In the early stages when the radioactive plume was a major source, it was almost impossible to monitor the personal doses of residents directly, and there was no such report in the case of the Fukushima accident. It was speculated that some radiation workers with a personal dosimeter worked with the refugees and were exposed to the radioactive plume. However, personal doses for those radiation workers have not been reported anywhere. In the future, personal dosimeters should be provided to certain public facilities, such as schools and city halls, in specific areas near nuclear facilities such as the emergency planning zone (EPZ), and used for monitoring actual personal radiation doses.

If direct monitoring or measurement of a personal dose is difficult, it may be possible to estimate it using monitoring data (e.g., air radiation dose rates) and analyses of personal behavior, with relatively better accuracy than the estimation of internal doses. The Fukushima Prefecture carried out an estimation of personal doses on a large scale, with the support of the National Institute of Radiological Sciences: this was done as part of the Fukushima Health Management Survey, and 400,000 personal doses were assessed over 4 months, from March to July 2011. This assessment is retrospective; therefore, it is sometimes referred as “dose reconstruction.” Detailed data of this assessment are provided at the prefecture's Internet site [1] and are also commented on by Inaba (see Chap. 4).

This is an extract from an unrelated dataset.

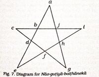 This game has been documented by Charu Chandra Das Gupta and the informant was a staff of the Nalanda Museum in Bihar. He explains it to be a kind of 'solitaire' as only one man plays it. He mentions the rules of the game as given below. He also finds similarity of this game with another game mentioned by another scholar, S.L Hora called Lam Turki which was played in Darjeeling, West Bengal. He mentions there are similarities but they are still played differently. He also mentions in his essay that Humphries, had described a similar game named Kowwa Daud played in the (United Province?) which also had similarities with Nao- Gutiya- Baithaneka. Apart from similarities what sets this aside from the rest as the name itself is Nao- Gutiya- Baithaneka or placing of the nine pieces but further movement of the pieces remain unclear. -
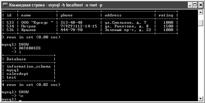 Утилита mysql позволяет вводить и многострочные команды (на рис. 2.3 таким образом введена команда SHOW DATABASES). Если не введена точка с запятой – признак конца команды, то при нажатии клавиши Enter утилита не отправляет команду на сервер, а предлагает продолжить ввод команды. Если вы хотите отменить ввод многострочной команды, наберите \c (рис. 2.3).

In the later stages when the deposited radiocesium became the dominant radiation source, some trials began to include the direct monitoring of personal radiation doses, which was handled by local government, groups, and individuals using dosimeters. For example, Fukushima City provided glass badges to 16,223 citizens for 3 months and reported that the cumulative dose of the period was less than

0.2 mSv [2]. In contrast with this large-scale governmental monitoring, some small groups also tried to clarify the actual personal radiation doses locally. Yoshida et al. monitored the personal dose equivalent in local towns in Miyagi Prefecture by using optically stimulated luminescent dosimeters (see Chap. 19). This study provides not only information about the actual radiation doses of the residents, but also scientific explanations of the discrepancy between the personal doses derived from the air dose rates and those measured directly with a personal dosimeter. In Chap. 17, Kinashi et al. report the personal radiation doses of the staff of Kyoto University, who were dispatched to Fukushima to screen the radio-contamination of refugees in the evacuation shelters. This report shows a typical personal radiation dose of a person who stayed in a specific shelter.

Some researchers also estimated personal doses from the environmental monitoring data (e.g., air dose rates), retrospectively and prospectively. Some of these have been reported in this book as well as in the Symposium. Takahara et al. provides an excellent research work on the probabilistic dose assessment of the residents living in contaminated areas (see Chap. 18). Yamamoto et al. measured the air dose rate and estimated the annual dose after the accident in Tochigi Prefecture [3]. Similar assessments had been carried out by Endo et al. for Miyagi Prefecture and by Amano et al. for Chiba Prefecture [4, 5].